A list with z (variants x conditions matrix) and n (per-context numeric vector or scalar). May also include Bhat, Shat matrices.

LD

LD correlation matrix.

mrmash_rss_fit

Optional pre-fitted mr.mash.rss object; skips fitting when supplied.

data_driven_prior_matrices

Optional list with element U (list of raw covariance matrices). Passed directly to mr.mashr::expand_covs() alongside the canonical mixture.

canonical_prior_matrices

Logical. When TRUE (default), include the standard canonical mixture from mr.mashr::compute_canonical_covs(). When FALSE, data_driven_prior_matrices must be supplied.

S0

Optional pre-built list of prior covariance matrices, bypassing the canonical / data-driven construction.

w0

Optional prior mixture weights; defaults to compute_w0(Bhat, length(S0)).

V

Optional residual covariance matrix (K x K). When NULL, defaults to the identity matrix of size K.

covY

Optional response covariance matrix (K x K). When NULL, defaults to the identity matrix of size K.

retain_fit

If TRUE, attaches the fitted object as the "fit" attribute on the returned weights.

...

Additional arguments forwarded to mr.mashr::mr.mash.rss.

Value

A numeric matrix of per-variant per-context weights (variants x conditions).

Details

Follows the *_rss_weights(stat, LD, ...) contract. Expects stat$z to be a numeric matrix (variants x conditions) and stat$n a per-context numeric vector or scalar. stat$Bhat and stat$Shat are used if present; otherwise derived from Z and n.

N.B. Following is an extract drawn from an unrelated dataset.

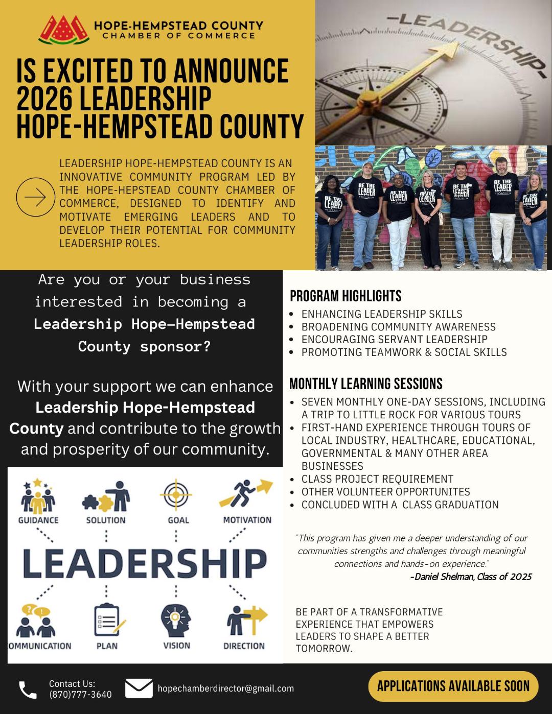HOPE – We are excited to announce that Leadership Hope-Hempstead County 2026 is on the horizon! Applications will be available soon, and we look forward to welcoming the next class of leaders into this impactful program.

Prior construction reuses the same infrastructure as the individual-level mrmash_wrapper: compute_grid + mr.mashr::compute_canonical_covs() + mr.mashr::expand_covs() for S0, and compute_w0 for the mixture weights. Supply data_driven_prior_matrices (e.g. from compute_cov_flash / compute_cov_diag) to add data-driven covariance components alongside the canonical mixture.